### The task
Work through the listing below and give again exactly the lines from the one with "北海道知床半島周辺海域で水揚" to the one with "Spazio Fotografia Quarenghi", both ends included. All other lines and all pictures stay out.

### Exercise materials
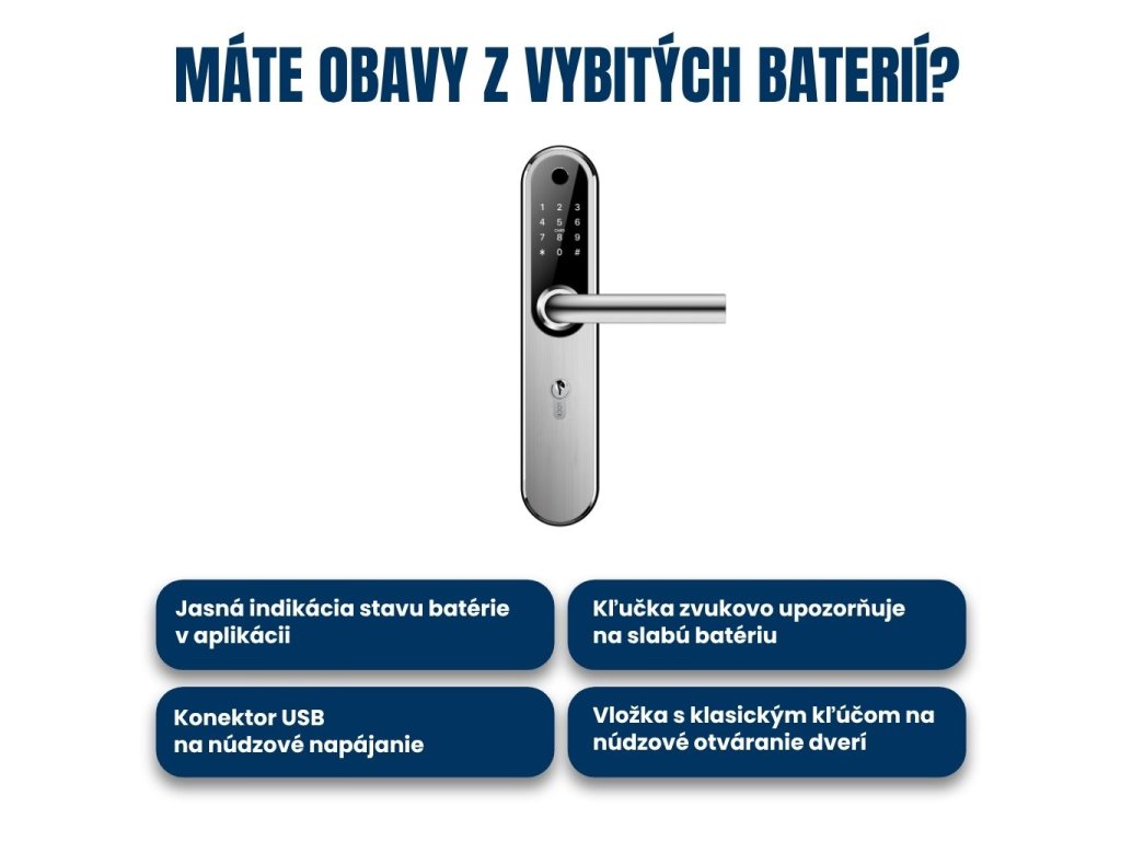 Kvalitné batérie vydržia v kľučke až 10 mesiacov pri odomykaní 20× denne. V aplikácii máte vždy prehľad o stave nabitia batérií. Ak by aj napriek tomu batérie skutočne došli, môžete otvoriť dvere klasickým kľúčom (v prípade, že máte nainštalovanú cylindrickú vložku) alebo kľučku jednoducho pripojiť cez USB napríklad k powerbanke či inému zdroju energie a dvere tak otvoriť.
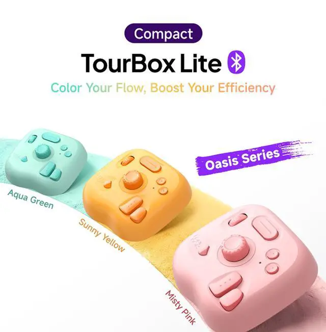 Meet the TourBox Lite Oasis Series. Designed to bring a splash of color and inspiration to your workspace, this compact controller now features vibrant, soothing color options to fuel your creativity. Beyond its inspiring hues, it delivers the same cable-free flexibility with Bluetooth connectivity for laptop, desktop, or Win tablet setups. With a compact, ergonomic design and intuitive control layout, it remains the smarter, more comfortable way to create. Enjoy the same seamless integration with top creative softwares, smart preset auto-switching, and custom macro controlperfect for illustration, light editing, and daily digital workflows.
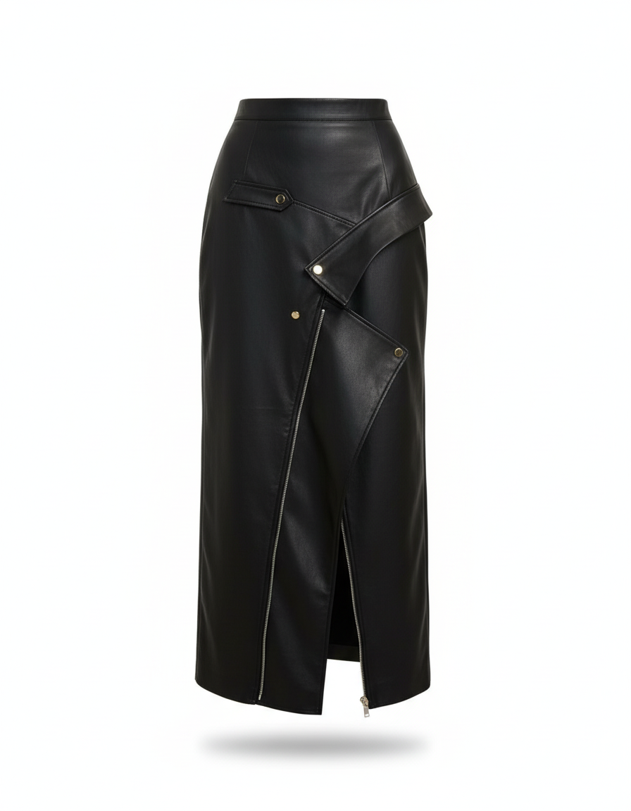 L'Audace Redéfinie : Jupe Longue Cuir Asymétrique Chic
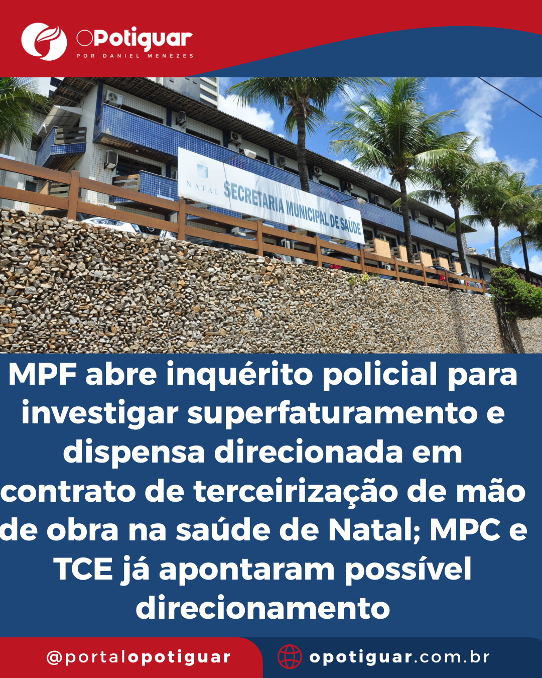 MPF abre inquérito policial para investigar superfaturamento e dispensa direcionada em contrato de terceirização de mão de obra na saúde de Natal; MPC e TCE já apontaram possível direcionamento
--
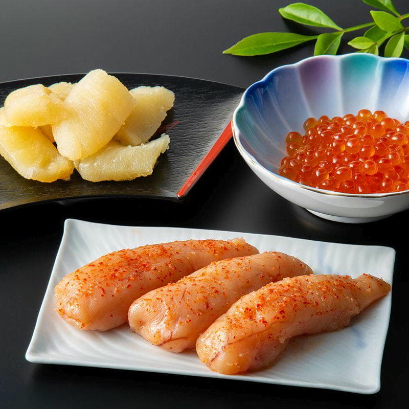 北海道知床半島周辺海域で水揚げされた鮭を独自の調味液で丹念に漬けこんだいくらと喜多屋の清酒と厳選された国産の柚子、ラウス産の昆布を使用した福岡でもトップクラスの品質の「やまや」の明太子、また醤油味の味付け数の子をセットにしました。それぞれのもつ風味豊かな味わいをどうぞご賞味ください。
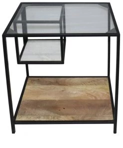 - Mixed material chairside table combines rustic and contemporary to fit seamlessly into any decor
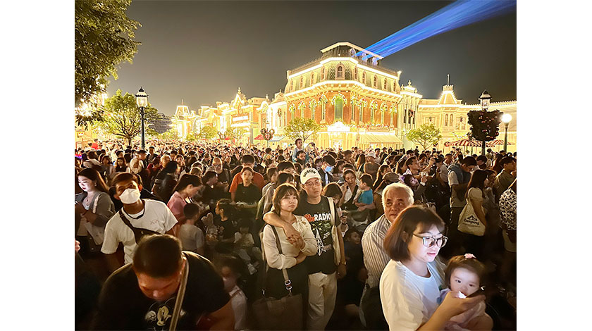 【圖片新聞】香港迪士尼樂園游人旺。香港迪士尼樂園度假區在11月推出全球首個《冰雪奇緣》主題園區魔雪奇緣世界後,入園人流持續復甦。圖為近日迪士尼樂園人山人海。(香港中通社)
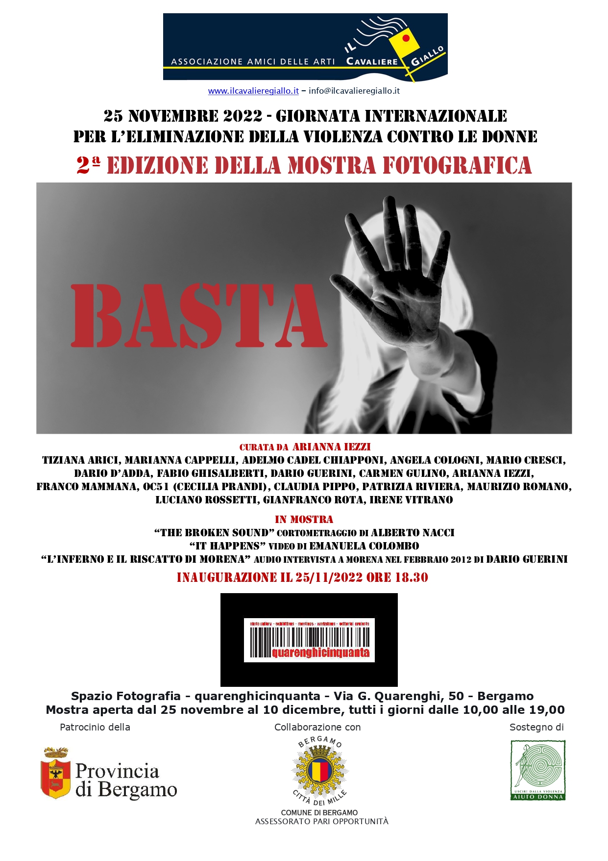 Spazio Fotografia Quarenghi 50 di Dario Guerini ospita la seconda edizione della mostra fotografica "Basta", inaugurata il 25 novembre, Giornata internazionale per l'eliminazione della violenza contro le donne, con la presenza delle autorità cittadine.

### Your response
 北海道知床半島周辺海域で水揚げされた鮭を独自の調味液で丹念に漬けこんだいくらと喜多屋の清酒と厳選された国産の柚子、ラウス産の昆布を使用した福岡でもトップクラスの品質の「やまや」の明太子、また醤油味の味付け数の子をセットにしました。それぞれのもつ風味豊かな味わいをどうぞご賞味ください。
 - Mixed material chairside table combines rustic and contemporary to fit seamlessly into any decor
 【圖片新聞】香港迪士尼樂園游人旺。香港迪士尼樂園度假區在11月推出全球首個《冰雪奇緣》主題園區魔雪奇緣世界後,入園人流持續復甦。圖為近日迪士尼樂園人山人海。(香港中通社)
 Spazio Fotografia Quarenghi 50 di Dario Guerini ospita la seconda edizione della mostra fotografica "Basta", inaugurata il 25 novembre, Giornata internazionale per l'eliminazione della violenza contro le donne, con la presenza delle autorità cittadine.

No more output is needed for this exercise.